My uncle used to play with brian back here in NL, if I can find him I will ask him what he was using. I know that alot of the time in those days, was a "blur" to my uncle so I dont know if he rememebers, I can rememeber going to my nan's house and brian's amp was there, at the time it was a traynor stack!


----------



## bobb (Jan 4, 2007)

faracaster said:


> I think there was a thread on this a couple of years ago.
> What I had been told by another record producer was that he played his 65' Strat through a miced Marshall 1/2 stack through a PA that was in the studio and then recorded the miced PA sound. that's what you hear on those records.
> 
> Cheers
> pete


AFAIK, that was an experiment, not his normal setup live or in the studio.


----------



## faracaster (Mar 9, 2006)

bobb said:


> AFAIK, that was an experiment, not his normal setup live or in the studio.


No not live...we were talking about the studio. I know he did Wanna be a Star and Opus X with that setup (because the fellow that told me was in on those sessions). Likely not for every guitar tone of course. Be for those big mid-rangey tones. Very un-Strat like. 
I know nothing about the Headpins sessions.
Funny thing is I asked that very question way back then. ......."How does Brian McLeod get his Strat to sound like that?" He actually got that tone live too. I thought had changed his pickups or something but, apparently not. It's more in the fingers and the technique and tweaking any amp to hear what you want more than the gear itself. 

Cheers
pete


----------



## bobb (Jan 4, 2007)

faracaster said:


> No not live...we were talking about the studio. I know he did Wanna be a Star and Opus X with that setup (because the fellow that told me was in on those sessions). Likely not for every guitar tone of course. Be for those big mid-rangey tones. Very un-Strat like.
> I know nothing about the Headpins sessions.
> Funny thing is I asked that very question way back then. ......."How does Brian McLeod get his Strat to sound like that?" He actually got that tone live too. I thought had changed his pickups or something but, apparently not. It's more in the fingers and the technique and tweaking any amp to hear what you want more than the gear itself.
> 
> ...


A lot of time has passed since those recordings and memories do get hazy. When the original thread came up, I talked to an inside source. I'm just passing on what was said to me.


----------



## Steve Adams (Dec 31, 2009)

bobb, 

would'nt happen to know my uncle Donny Janes? he's been in vancouver for AGES!


----------



## bobb (Jan 4, 2007)

Steve Adams said:


> bobb,
> 
> would'nt happen to know my uncle Donny Janes? he's been in vancouver for AGES!

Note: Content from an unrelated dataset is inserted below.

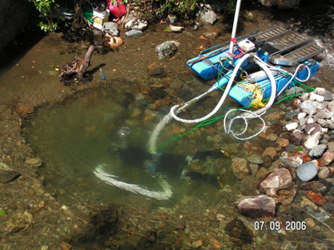 A form of mining that uses gas-powered dredges to vacuum-up rocks, gravel, and sediment from the bottom of creeks and rivers to search for gold.
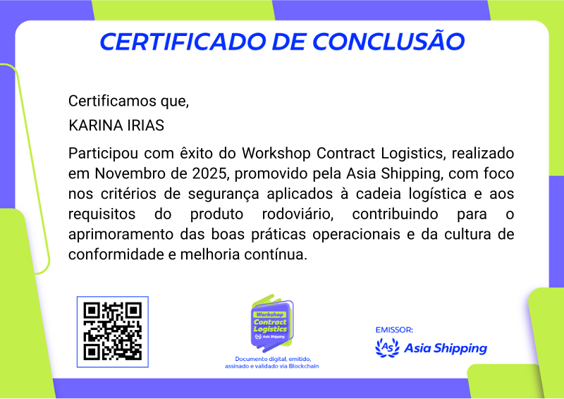 Para receber a Badge do Workshop Contract Logistics, é necessário ter participado do evento realizado em 2025, promovido pela Asia Shipping.

Sorry, the name doesn't ring a bell. I have been away from the scene for a few years now. If you want to PM a few more details, it might help.


----------



## Steve Adams (Dec 31, 2009)

Cool, I just found a CD of my uncle donny and brian playing at the commodore.....Donny found the master tape in his stuff, and made a disc at a studio in vancouver!....very cool stuff tho.


----------



## Lemmy Hangslong (May 11, 2006)

There is a thread on here that i started on this very topic... Brian MacLeod is sorely missed. Great player, singer, songwriter, producer, drummer... you name it he was a great canadian talent.

For a short time I owened a Music Man HD130 like Brian's... it's a very loud amp but unless Brian had some secret weapon he used I don't believe this was his main tone generator... though maybe his Strat played a key roll in that equasion... surely something would have to tame the HD130 sharpness and harshness.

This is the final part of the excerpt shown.